*** Opening of EXTRACTED INFORMATION ***

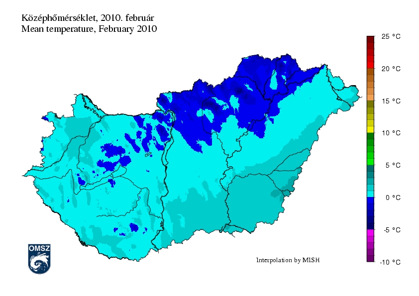 A havi középhőmérséklet országszerte -4,3 és 2,3 °C között alakult. A térképen szépen kirajzolódtak középhegységeink, az értékek jó közelítéssel északnyugat-délkelet irányú növekedést mutattak. A leghidegebb az Északi-középhegységben volt, a legenyhébb időjárás pedig a délnyugati határ mentén a Fekete- és a Sebes Körös közötti vidéket jellemezte.
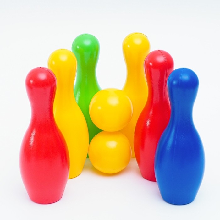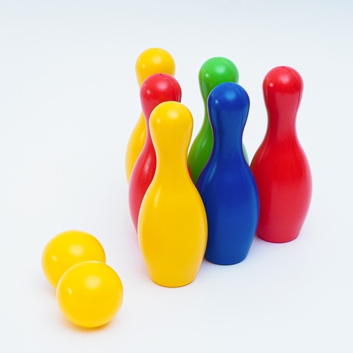 Боулинг детский цветной, набор: 6 кеглей 21 х 7 см, 2 мяча d-6.5 см
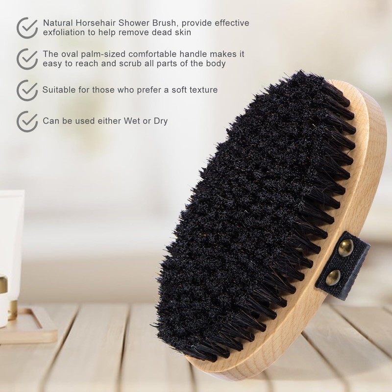 - Effective Lymphatic Drainage: This dry brushing body brush features firm, natural Horsehair designed for gentle exfoliation, improved lymphatic drainage and improved overall skin health.
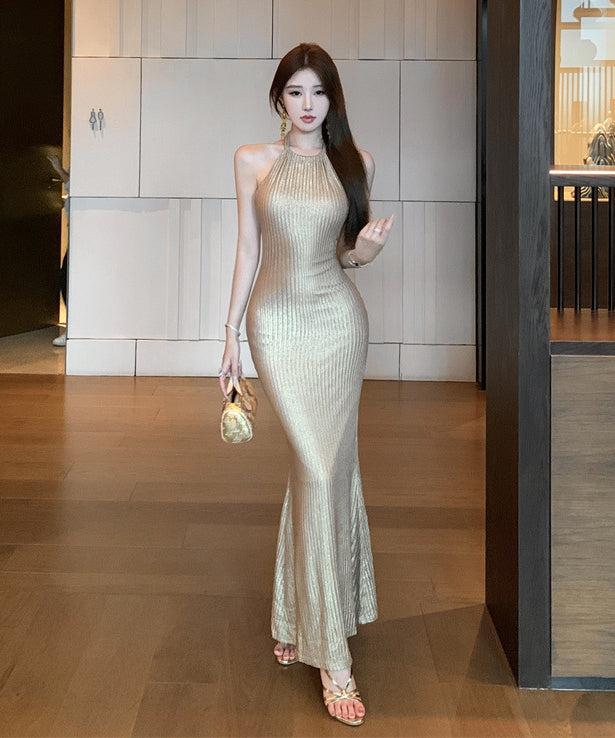ロングドレス エレガント ノースリーブ ホルターネック 美シルエット マーメイドタイト 結婚式のお呼ばれ パーティー JC2-CD7-502-34000620
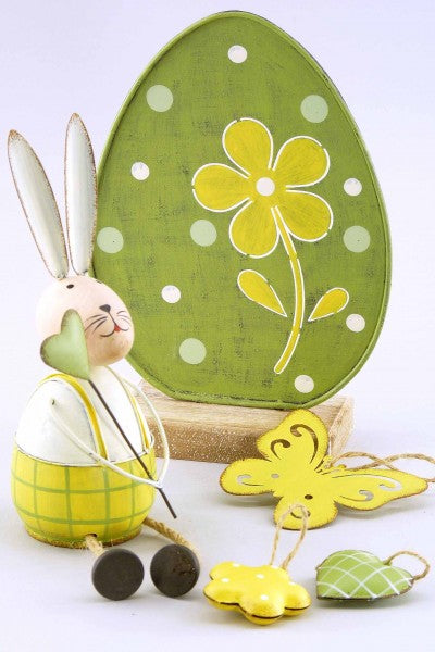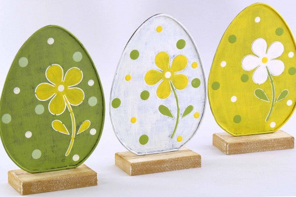 Diese dekorativen Eier aus Metall und Holz in den Farben Grün, Weiß und Gelb bringen eine frische und frühlingshafte Note in Ihr Zuhause. Perfekt für alle, die eine stilvolle und saisonale Dekoration schätzen.
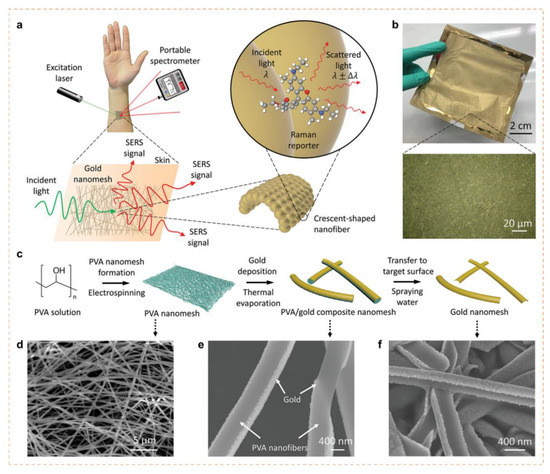 Design, characterisation and fabrication of wearable SERS sensor for detection of sweat biomarkers (a). Scheme representing the design and idea of wearable SERS sensor on skin; (b). Image of the gold nanomesh fabricated. Inset depicts the optical microscopy image of the gold nanomesh (50X); (c). Scheme representing the development procedure of nanomesh by electrospinning and further treatment process of the gold nanomesh; SEM micrograph of the (d). PVA fiber nanomesh; (e). Gold coated PVA fiber nanomesh; (f). Gold nanomesh after eliminating the PVA fibers. (Reprinted from [109] which is an open access article distributed under the Creative Commons Attribution License).

*** Close of EXTRACTED INFORMATION ***

Whenever a picture appears, leave it out, and return every record exactly.

* SOLUTION TO THE PROBLEM *
 A havi középhőmérséklet országszerte -4,3 és 2,3 °C között alakult. A térképen szépen kirajzolódtak középhegységeink, az értékek jó közelítéssel északnyugat-délkelet irányú növekedést mutattak. A leghidegebb az Északi-középhegységben volt, a legenyhébb időjárás pedig a délnyugati határ mentén a Fekete- és a Sebes Körös közötti vidéket jellemezte.
 Боулинг детский цветной, набор: 6 кеглей 21 х 7 см, 2 мяча d-6.5 см
 - Effective Lymphatic Drainage: This dry brushing body brush features firm, natural Horsehair designed for gentle exfoliation, improved lymphatic drainage and improved overall skin health.
ロングドレス エレガント ノースリーブ ホルターネック 美シルエット マーメイドタイト 結婚式のお呼ばれ パーティー JC2-CD7-502-34000620
 Diese dekorativen Eier aus Metall und Holz in den Farben Grün, Weiß und Gelb bringen eine frische und frühlingshafte Note in Ihr Zuhause. Perfekt für alle, die eine stilvolle und saisonale Dekoration schätzen.
 Design, characterisation and fabrication of wearable SERS sensor for detection of sweat biomarkers (a). Scheme representing the design and idea of wearable SERS sensor on skin; (b). Image of the gold nanomesh fabricated. Inset depicts the optical microscopy image of the gold nanomesh (50X); (c). Scheme representing the development procedure of nanomesh by electrospinning and further treatment process of the gold nanomesh; SEM micrograph of the (d). PVA fiber nanomesh; (e). Gold coated PVA fiber nanomesh; (f). Gold nanomesh after eliminating the PVA fibers. (Reprinted from [109] which is an open access article distributed under the Creative Commons Attribution License).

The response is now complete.